Movie Review : Weapons (2025)
One of the childhood nightmares I can still replay in hi-def involved my father wearing my mother’s clothes and walking downstairs in a reverse bridge pose like Linda Blair in The Exorcist. Then he started tickling me with the most serious, courtroom-witness look on his face. I don’t know why that one stuck. No monsters under the bed, no creepy attic whispers. Just someone I loved suddenly hollowed out and used as a toy by something that clearly hated me.
That exact flavor of dread, the kind that redecorates your personal space , came roaring back after watching Zach Cregger’s new film Weapons. This is a horror movie where the monsters don’t smash through the gates of righteousness. They set up shop inside, change the locks, and start forwarding their mail there.
You probably already know the hook thanks to the film’s minimalist but suspiciously revealing marketing campaign: seventeen kids from the same classroom vanish on the same night. Security footage shows them running out of their houses at exactly 2:17 AM. Their teacher, Mrs. Gandy (Julia Garner), is the obvious scapegoat, mostly because she’s a hypersensitive alcoholic and the town’s collective imagination likes its villains with obvious flaws. Only one kid from the class is still around. And he’s not talking.
The Inverting of the American Home
Although Weapons is a buffet of both classic and contemporary terrors: jump scares, grotesque new neighbors, occult symbols tucked into sunny suburban streets. The most unnerving thing in the whole movie is a house. Specifically, the house where Alex Lilly, the lone survivor of the classroom vanishing, lives.
For an elementary school kid, home is supposed to be the life raft that keeps you dry from the outside storm. Weapons flips that raft over, nails it to the ceiling, and covers it in mildew. The Lilly house has its lights permanently off, its windows blocked with newspaper, its floor carpeted with Campbell’s soup cans. Every afternoon after school, Alex disappears into it without a word, like he’s clocking in for a shift no one should have to work.
It reminded me of the all-black house where serial murderer Gretch Gravey lives in Blake Butler’s 300,000,000. In Weapons, whenever suspicion falls on the Lillys, the front door seems to open by itself, inviting the curious inside, if "inviting is the right word for a doorway that swallows you whole. And the deeper the film goes, the more terrifying that house becomes, because it’s not haunted in the usual Boo! sense. It’s parasited, occupied by something that doesn’t belong there and actively trying to stay hidden.
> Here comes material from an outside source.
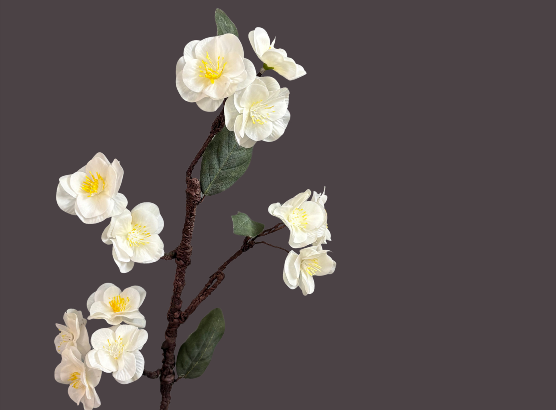 Ethereal white faux cherry blossoms that evoke calm, purity, and understated luxury.

A haunted house trashed by a ghost is one thing. A house turned into a dark, filthy monolith by something that doesn’t care if its residents live or rot? That’s a different breed of terror. It exposes the fragile, often delusional contract childhood operates under: you’re safe at home as long as your parents are stable and no one out there decides to ruin you. Your safety wall is paper thing and it can tear fast.
I was never that close to seeing my dad spiderwalk down the stairs again. But I was never that far, either.
Fragments and Symbolism in Horror
Another fun trick Weapons pulls is telling its story through fragmented points of view. You keep reliving the same one or two days, but each time you’re anchored to a different character. It’s a clever way to keep the plot revealing itself in jagged little bursts, but it also sneaks in one of the film’s central arguments: your quiet life is fragile, and it can vanish because of one person’s decision. Peacefulness isn’t a birthright, it’s a social contract and contracts get torn up all the time.
This idea pays off beautifully in the climax, which might be the most purely satisfying thing I’ve ever seen on a screen. I won’t spoil it, but it runs on a belief system I hold close: trauma changes you in ways you can’t undo, but if you refuse to let it eat you alive, it can turn into a kind of armor.
The closest pop culture parallel I can think of is Randy Orton getting dragged into Bray Wyatt’s swampy nightmare world and emerging unblinking, just long enough to burn the man’s compound to the ground. Or maybe it’s Sarah Connor in Terminator 2, staring down the Terminator in the steel mill: permanently altered, absolutely ready to return fire.
We’re operating on that level of cathartic savagery here. Maybe even beyond.
*
Weapons was a blast. My buddy, walking out of the theatre, said it was the best Stephen King adaptation he’d ever seen, even though Stephen King had nothing to do with it. He’s not wrong. The movie shares King’s obsession with childhood and the awkward violence of coming-of-age, his way of letting hard realism slow-dance with the supernatural. Even the town’s quiet hum feels ripped from Bangor, Maine.
It’s legitimately scary, even though the plot occasionally wanders into absolute wacko territory, because it pokes at a kind of fragility no one wants to think about. Not the fragility of the world. The fragility of you. The idea that your safe little orbit could be cracked open in an instant, and that whatever moves in afterward might never move out.